On the allegation that the state government has bribed the NLC leadership to back down on its present stand on payment of New Minimum Wage and consequential adjustments to workers, he dismissed it as false. “On the issue of giving money, I do not know where some people pick it from. I do not know if the government has given anybody anything to back down. I am not aware of it. If that had happened, I would not have walked out of the negotiation meeting with the state government officials.
“I had to go and brief my people that I would not agree or sign anything that does not favour the workers. Anybody who collects money cannot talk, look at another or disagree with another person talkless of walking out of Secretary to the State Government.”
On the NLC’s next line of action, if the state government does not accede to workers’ demands on payment of new Minimum Wage and consequential adjustments to workers in the state, the NLC boss responded “It is left for the government to call and tell us that they have changed their mind. If they do not change their mind, NLC at the national level has given us up to January 31, 2020, as the second deadline.
“We are trying to work towards that deadline to join them and to go an industrial action. Workers should get ready for it. That is the truth. Workers should get ready to protest where the government does not want to give them their dues.”

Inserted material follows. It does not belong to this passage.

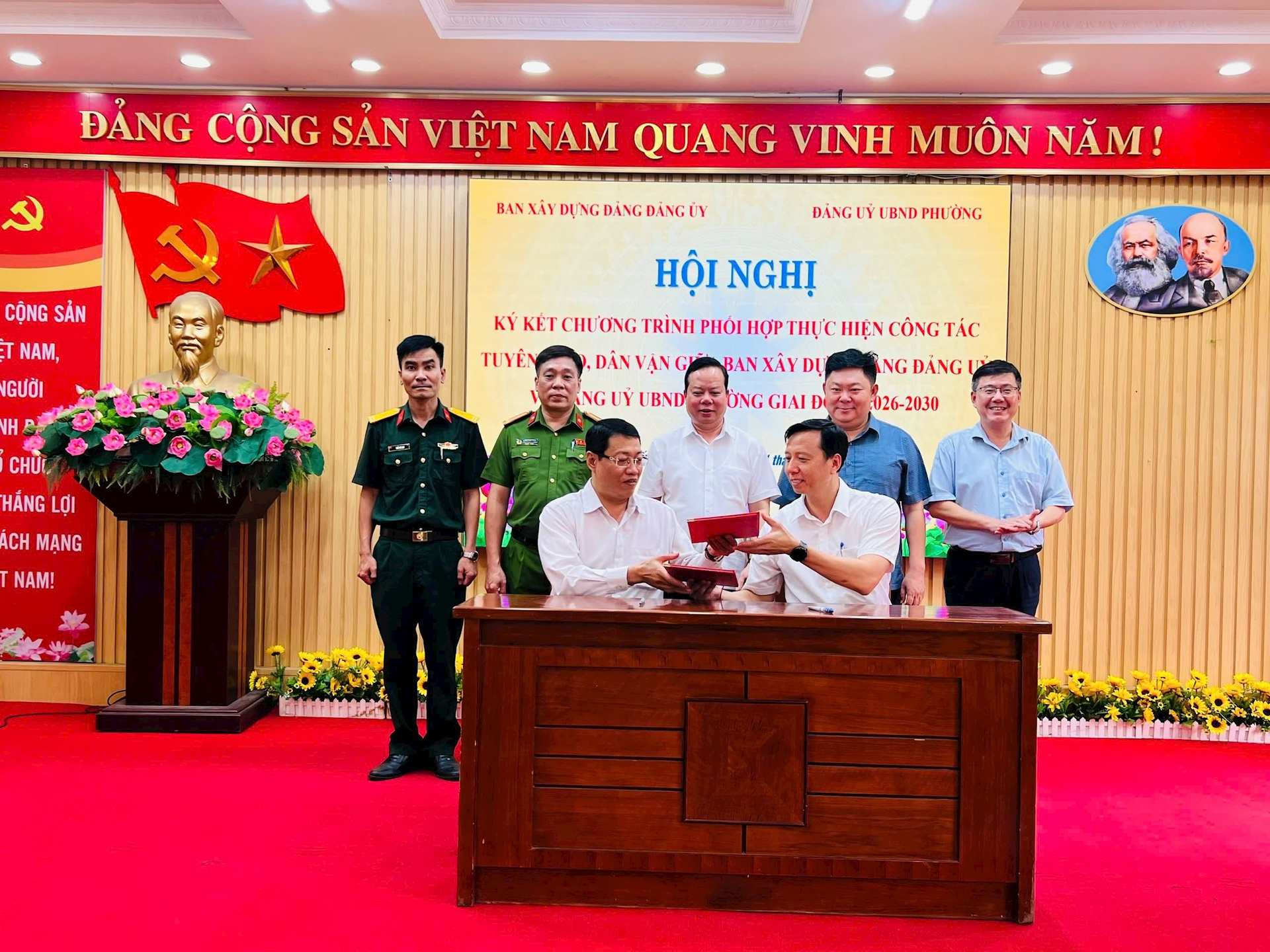 Ban Xây dựng Đảng - Đảng ủy phường đã tổ chức Hội nghị ký kết Chương trình phối hợp công tác tuyên giáo, dân vận với Đảng ủy UBND phường, Công an phường và Ban Chỉ huy Quân sự phường giai đoạn 2026 - 2030, đồng thời triển khai Kế hoạch phối hợp công tác năm 2026.

Speaking with Straightnews publisher on Friday, January 17, Effiong Essien, the state Head of Civil Service said “We are still on negotiation table with the organised labour. From what you said, it is wrong for anybody to walk out on government and other labour leaders to go and issue threats and incite workers against the government while the negotiation is ongoing.”
Essien, an elder of Lutheran Church of Nigeria, recalled “After an agreement was reached at the national on the new minimum wage, labour was asked to engage their state government and agree with on what the state can pay. This is what we are doing now.”